A DDoS attack is an attack done by one or more cybercriminals who sends an enormous amount of traffic to a network or server at the same time. This is done by a so-called botnet, whose objective is to shut down the server or network. With the consequence that normal website visitors can’t reach the website.
The meaning of DDoS is Distributed Denial of Service. This already explains the meaning behind the attack, to shut down the server or service.
The network or service will be shut down because there will be sent many requests to the network or server at once. The network is not able to handle this much load (requests) at once so eventually it will shut down. The entire bandwidth, CPU and RAM will go to these fake requests and there will be no more resources left for the 'normal' visitor.
We can take a bakery as an example. On a busy day, there will be a maximum of 15 to 20 people in the bakery at the same time. This number of people just fit into the shop, but the baker can help them all.
Then, 100 people decide to go to the bakery at the same time. The baker did not expect this; customers are inside and even outside the shop waiting in line. Consequence: the bakery is not available for regular customers that have to wait a long time outside the shop.

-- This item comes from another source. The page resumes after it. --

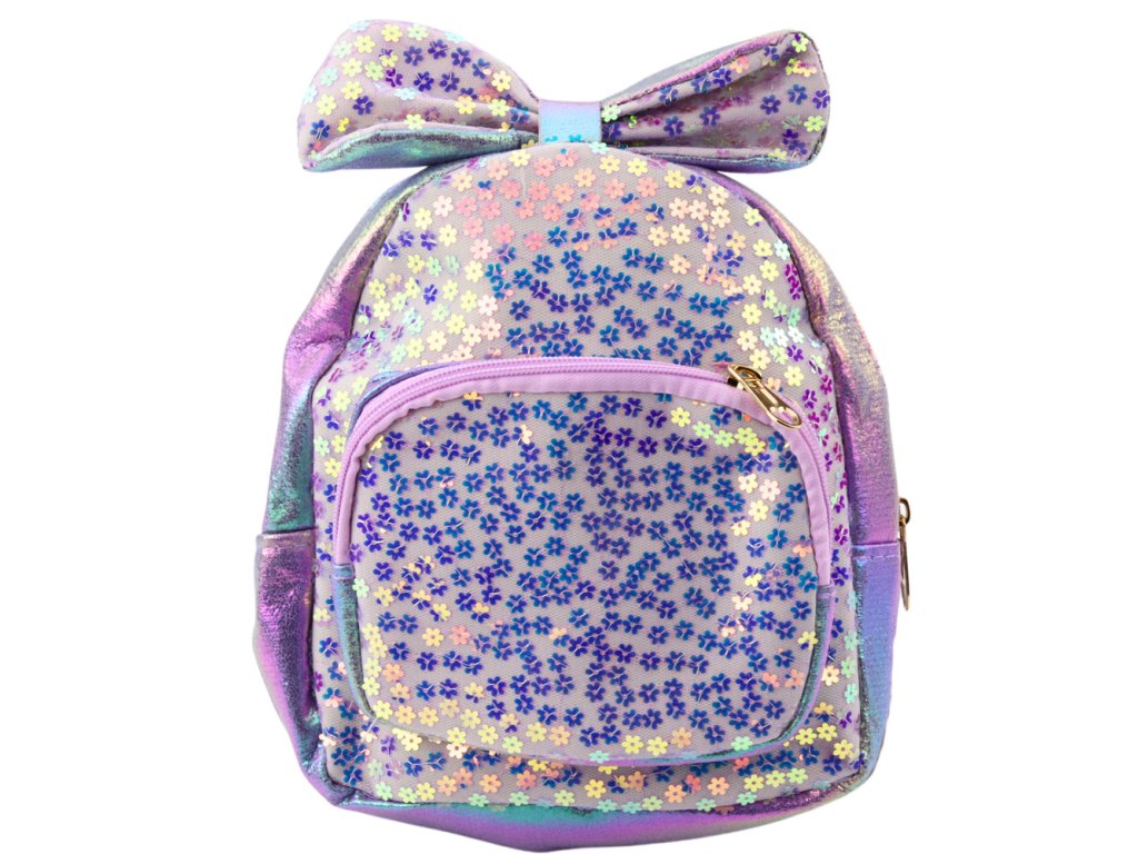 - Dětský fialový batoh s mašlí a flitry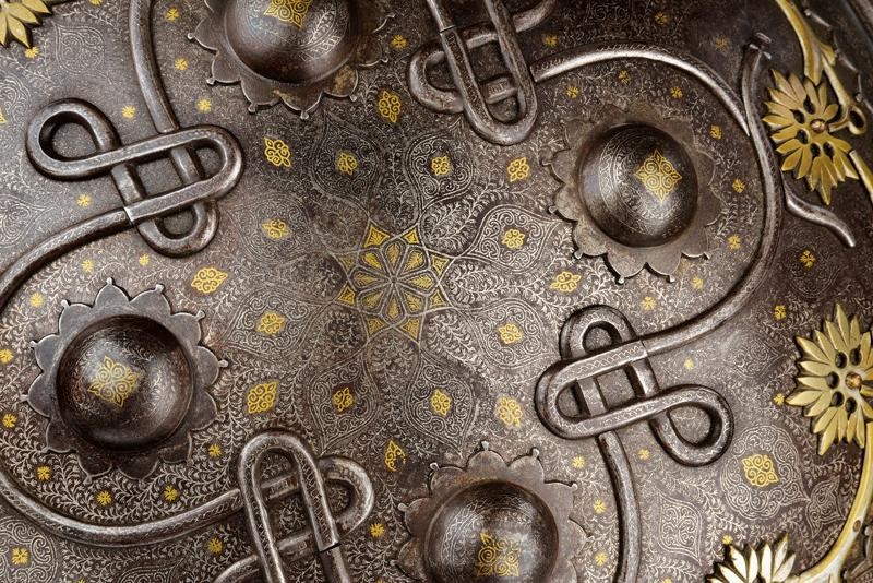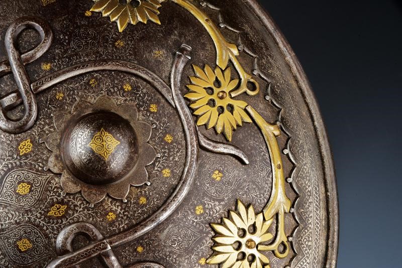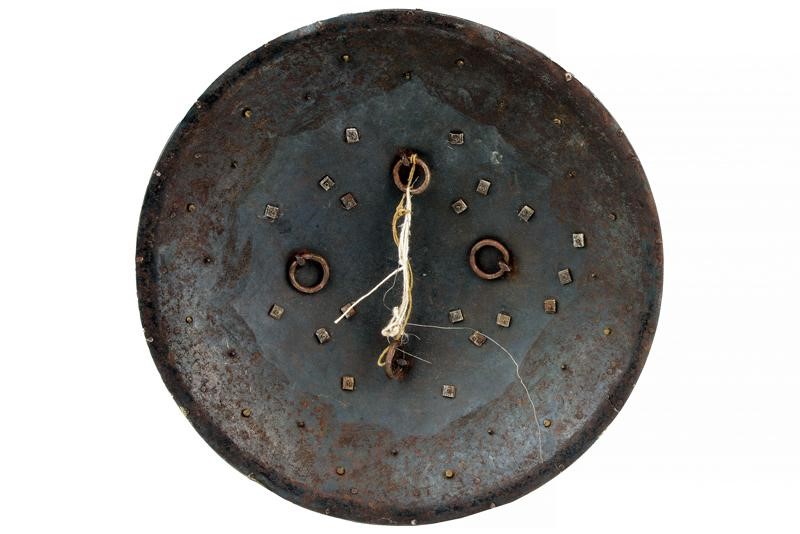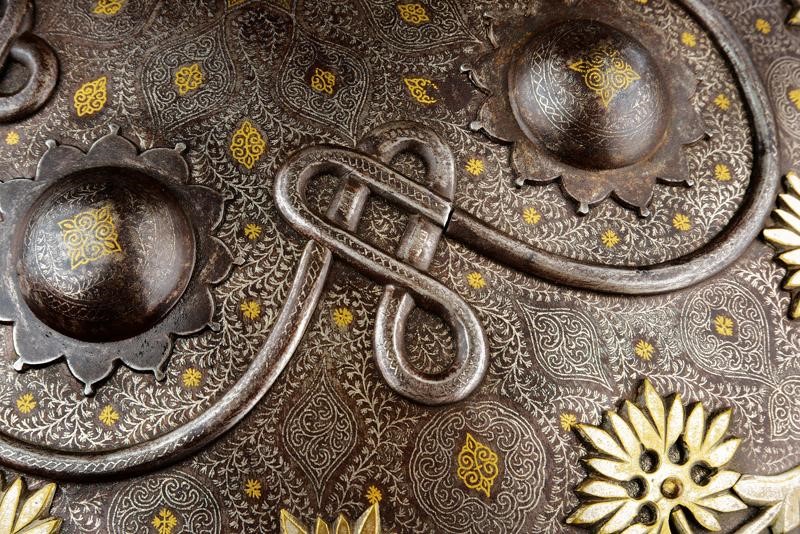 Made of iron, of convex circular shape, four studs provided with petals, reinforced and riveted border; the entire surface finely gold-and silver-inlaid with floral and geometric motifs; the rim decorated with a round of brass riveted decorations; the central part with interlaced bands with knots in relief. At the back four solid rings, missing handles.

As a website visitor it is possible to recognize a possible DDoS attack on an always-working website, because the website is not working properly without a clear reason.
It is hard for webshops managers (who are often a victim of DDoS attacks) and hosting specialists to predict DDoS attacks. However, when a DDoS happens, you can see some clear patterns.
Senior Network Specialist Gert-Jan de Boer quotes the following: “You can recognize a DDoS by the pattern of the network traffic. You can see many network plans with almost the same characteristics. These can be analyzed perfectly”.
What is the reason for DDoS attacks? There is not just one specific reason for this, there are 3 main reasons that can be categorized into 3 categories that will show why DDoS attacks happen.
- Attackers don’t agree with your personal/political preferences
A reason for a DDoS attack could be the case of a disagreement. Often, this is political-related and cybercriminals launch an attack.
A common reason for a DDoS attack is financial win. DDoS attackers launch enormous botnets to shut down big e-commerce websites.
When doing this with a shop that generates €10,000 a day, it will cost the webshop owner 50,000 euros for a downtime of 5 days (which is not unrealistic).
After shutting down your webshop, cybercriminals will offer you a lucrative offer to not push through the attack, in return for a certain amount of money.
Of course, this is a lot of money. However, it is often cheaper than losing 5 days of revenue.
- Trolling / fun
The third category are the cybercriminals who do DDoS attacks for fun. It gives them a kick when this is done in a good way and even more satisfaction when this is big news. Mainly, this group consists of young people who try to get prestige in the hacking world.
Gamers belong also under this category. Gamers can eliminate competitors by placing a targeted DDoS attack on the IP-address of their competitor. This will occur a lag (the game falters) and makes sure the competitor is not able to continue with the game normally.
In the past, many DDoS attacks were on the news. Especially the big DDoS attacks on governments or big banks. This is a direct motivation for ‘hobbyists’ who kick on the fact they reach the national news.
Some known examples are the DDoS attacks on DigiD, the UWV and Tax authority. In 2018, it created national commotion and a lot of experts argued for a national firewall.
Also banks have to deal with DDoS attacks. Dutch banks like ING, Rabobank and ABN Amro have all suffered from the consequences of a certain attack.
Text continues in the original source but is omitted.